The middle class is not all moving into cardboard boxes on Skid Row.

Visual from Greg Mankiw who obtained it from Mark Perry.

The federal government's fiscal position has been rapidly improving.

Angus at Kids Prefer Cheese got it from the Financial Times Alphaville.  The macroeconomics dissertations have yet to be written.
If  we had been better Keynesians in the past, we would have used the "boom and not the bust" for "austerity", and could have run an expansionary policy longer. But in the absence of a proven connection between fiscal stimulus and sustainable job growth (sorry Brad and Larry), and the presence of our high and still rising debt levels and the continual damaging political theatre around debt ceiling breaches, I am fine with this rate of deficit reduction.

What is not so great about the deficit reduction we are getting is that it doesn't address longer run budget issues, and the deficit is projected to start rising again in 2015 and get ugly shortly thereafter.
Also at Kids Prefer Cheese is a chart suggesting there are still plenty of discouraged workers.

From Mahablog comes a Business Insider essay by Jeff Bezos suggesting corporations are holding onto cash rather than hiring workers. "[T]he profit maximization obsession of American corporations is actually starving the rest of the economy of revenue growth."

A longer time series of the employment ratio suggests "As a result of frantic firing in the name of "efficiency"  and "return on capital," the U.S. employment-to-population ratio has collapsed."

To Mr Bezos, the downsizing and restructuring and outsourcing have not produced productivity gains.
In short, the obsession with "maximizing short-term profits" that has developed in America over the past 30 years has created a business culture in which executives dance to the tune of short-term traders and quarterly earnings reports, instead of balancing the value created for employees, customers, and long-term owners.

That's not what has made America a great country. It is not what has made some excellent American corporations the envy of the world. It's also hurting the economy.
It might take another thirty years for social science to come up with a plausible, replicable analysis of the failures, or not, of corporate restructuring, or of whether the current administration's fiscal and social policies are triggering a capital strike, or if a foundation is now being built for future prosperity.


William Bruce said...

When I saw that chart on Perry's blog, I smiled.

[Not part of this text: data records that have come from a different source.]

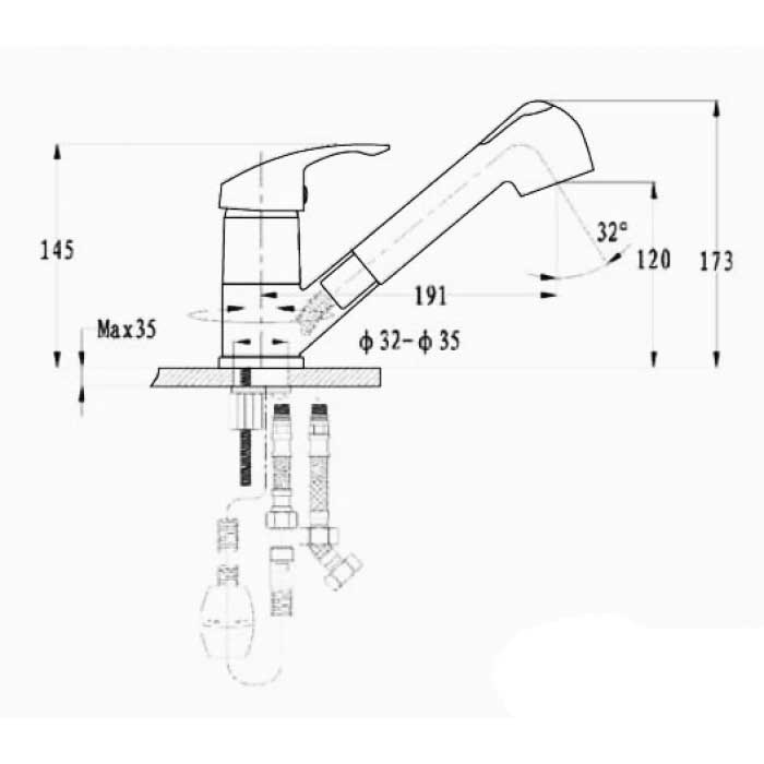 - Поворотный выдвижной излив с аэратором и лейкой.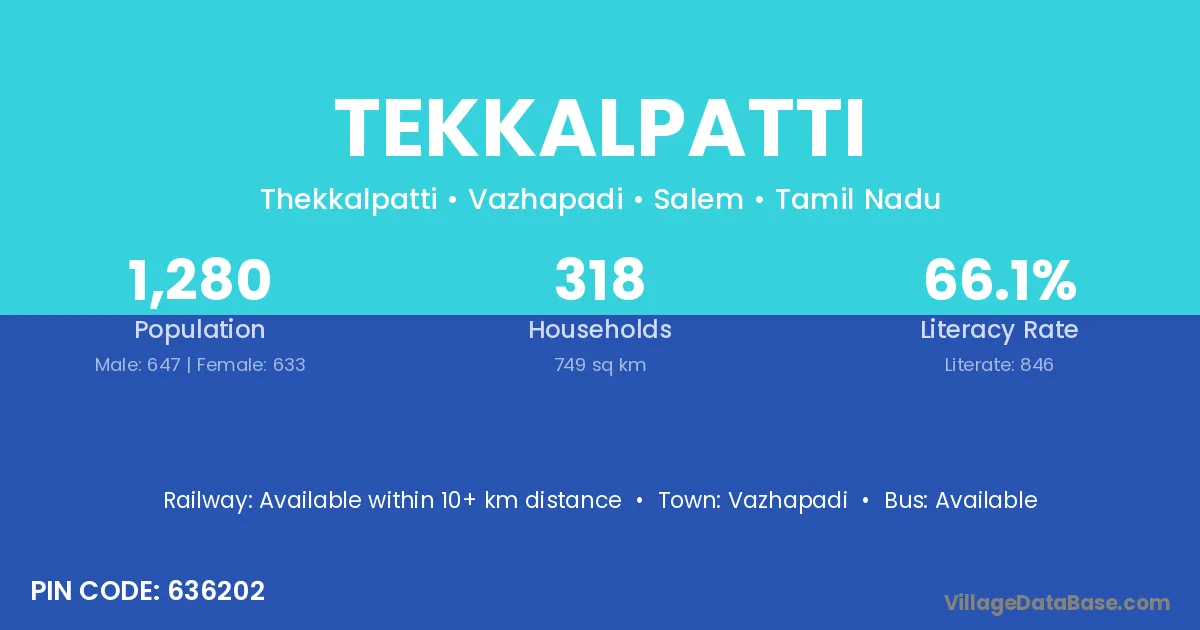 According to Census 2011 information, the village code of Tekkalpatti village is 636202.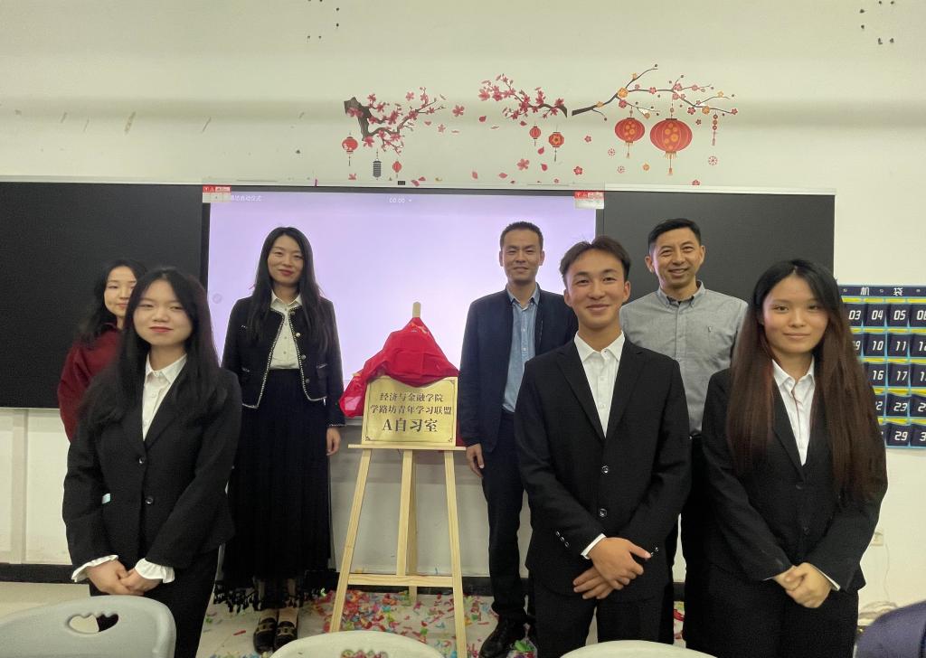 10月17日晚,经济与金融学院在教学楼712教室举行了“学路坊青年学习联盟成立暨首批主题自习室”开放仪式。学院党总支专职副书记张力、学管人员及学路坊青年联盟首批会员参加。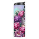 Una figura serena con el cabello largo y fluido de plata trenzado intrincadamente y adornado con peonías vibrantes rosadas y púrpura y un delicado clip de pelo de mariposa, se absorbe suavemente de un café helado con una paja púrpura. El fondo es una mezcla suave y brillante de rosa pastel, violeta y azul, creando un ambiente etéreo y de ensueño.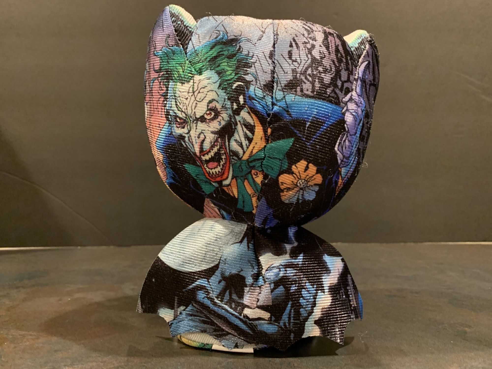 Switching over to the Gamestop Jim Lee one, I have to point out how cool it is that the cape can lift and stay in place. That is a neat little touch. The plush is the exact same body wise, the difference in each is the artwork. Quite a bit of this art is from Hush, but really what other story would you take Jim Lee Batman art from? My favorite piece on this one is the back, with Batman and Catwoman kissing on the cape, and the giant Joker on the cowl. Awesome stuff again.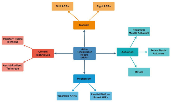 Over the past two decades, numerous studies have reviewed ankle rehabilitation robots depending on their type, mechanical design, and performance. Researchers have shown great interest in evaluating different control strategies and actuation methods that have been developed to enhance the efficiency and accuracy of ankle rehabilitation robots [6,9,25]. This study aims to review the types of ankle rehabilitation robots designed in recent years based on their mechanical design and actuation techniques. Specifically, it addresses the following research questions: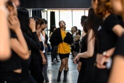 انسٹرکٹر فیم کیو لی خواتین کو تصاویر کے لیے پوز دینا سکھا رہی ہیں۔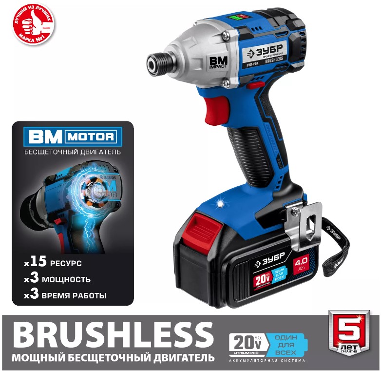 ХарактеристикиАртикул GVB-250-42Бренды ЗубрСтрана производства КитайАккумуляторная система ЗУБР Li-Ion PRO 20BТип винтовёртТип патрона 1/4"Количество скоростей 3Макс. крутящий момент 280Число оборотов холостого хода 2400Напряжение аккумулятора 20Число ударов 3300Скорость вращения 2400Емкость аккумулятора 4Индикация заряда батареи ДаТип аккумулятора Li-IonКейс в комплекте естьБыстросменный патрон НетАккумулятор в комплекте ДаВес 1700Питание аккумуляторКрутящий момент 280Кейс ДаДлина 370Ширина 110Блокировка шпинделя нетВысота 310Реверс естьПодсветка естьБесщеточный двигатель ДаВремя зарядки 30Способ крепления аккумулятора слайдерФиксация кнопки включения НетРегулировка крутящего момента 3Регулировка оборотов ДаОписание товара обновлено 08.12.2025 14:18:07Винтоверт Зубр GVB-250-42, предназначен для заворачивания/отворачивания крепежа (при сборке/разборке металлических конструкций, снятии/установке колес автомобиля и т.д.).Производитель: Крафтул И/Е Гмбх, Альтер Поствег Штр., Лоенинген, Германия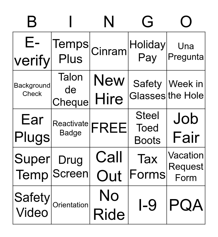 This bingo card has a free space and 24 words: Drug Screen, Orientation, New Hire, Safety Video, Una Pregunta, E-verify, Background Check, Temps Plus, Steel Toed Boots, Call Out, Safety Glasses, Ear Plugs, Tax Forms, Vacation Request Form, Talon de Cheque, I-9, Job Fair, Cinram, Week in the Hole, Reactivate Badge, PQA, Super Temp, Holiday Pay and No Ride.

As for Mr. Bezos... ...oy.

There is a wealth of folly for the mocking, but as concerns his thesis, he could at least go to the intellectual effort of discussing principal-agent problems, monitoring costs, concentrated benefits and dispersed costs, yada yada yada...

I sincerely hope that he is told, often, that he doesn't "understand economics," or, in the parlance of our times, "Fiduciary responsibility, how does it work?"

Stephen Karlson said...

There is a law of conservation in economics: my expenditure is somebody else's income. A business that reduces expenditures is reducing somebody's income. A consumer that reduces expenditures is reducing somebody's income. Productivity gains are of no value if there are no consumers for the goods produced.

William Bruce said...

I am rather perplexed by your reply, as I cannot see the relevance to my specific comments. How are the incentives faced by the owners and management of firms to be aligned with Mr. Bezos's preferences?

In the worst-case, Keynesian, paradox-of-thrift scenario, it is still rational for individual actors to contract spending -- in a sense, a macroeconomic tragedy of the commons. Moreover, I saw little reason to read into Mr. Bezos's article such relatively sophisticated thinking about aggregate demand, the velocity of money, etc. His was a discussion of corporate culture, American business sensibilities, etc.

Perhaps I go a bridge too far in saying so, but telling firms to spend for the common good smacks of "hoarders-and-wreckers" rhetoric. On the other hand, telling firms what is in their own best (long-term) interest just seems likes financial and economic hubris...

Stephen Karlson said...

Simple. Income = Wages + Interest + Rent + Profit. Ceteris paribus, a capitalist can increase Profit by reducing Wages (and the Federal Reserve keeping interest rates low produces another ceteris paribus increase in profits). But lower wages mean lower disposable incomes for consumers, and lower interest rates mean lower disposable incomes for consumers, and you have to re-calculate Income as well.

That's simply describing how a law of conservation (or accounting identity, if you will) works. Mr Bezos goes beyond the accounting identity in prescribing that employers pay workers more. He's correct, though, that suppressing wages in order to obtain profits has a knock-on effect on economic growth, and ultimately on profits.

William Bruce said...

Again, I do not actually disagree with anything that you have said. My criticism pertained solely to Mr. Bezos "going beyond": Where is the discussion (by Bezos) of the microeconomic incentives facing firms, management, households (who face many similar pressures), etc.?

Perhaps I have mislead by not specifying focus on the article itself, as opposed to the charts and quotes you selected for presentation.

Stephen Karlson said...

I can't speak for Mr Bezos. His interpretation of the data might be correct. It is not the only interpretation. Thus my closing paragraph about further research.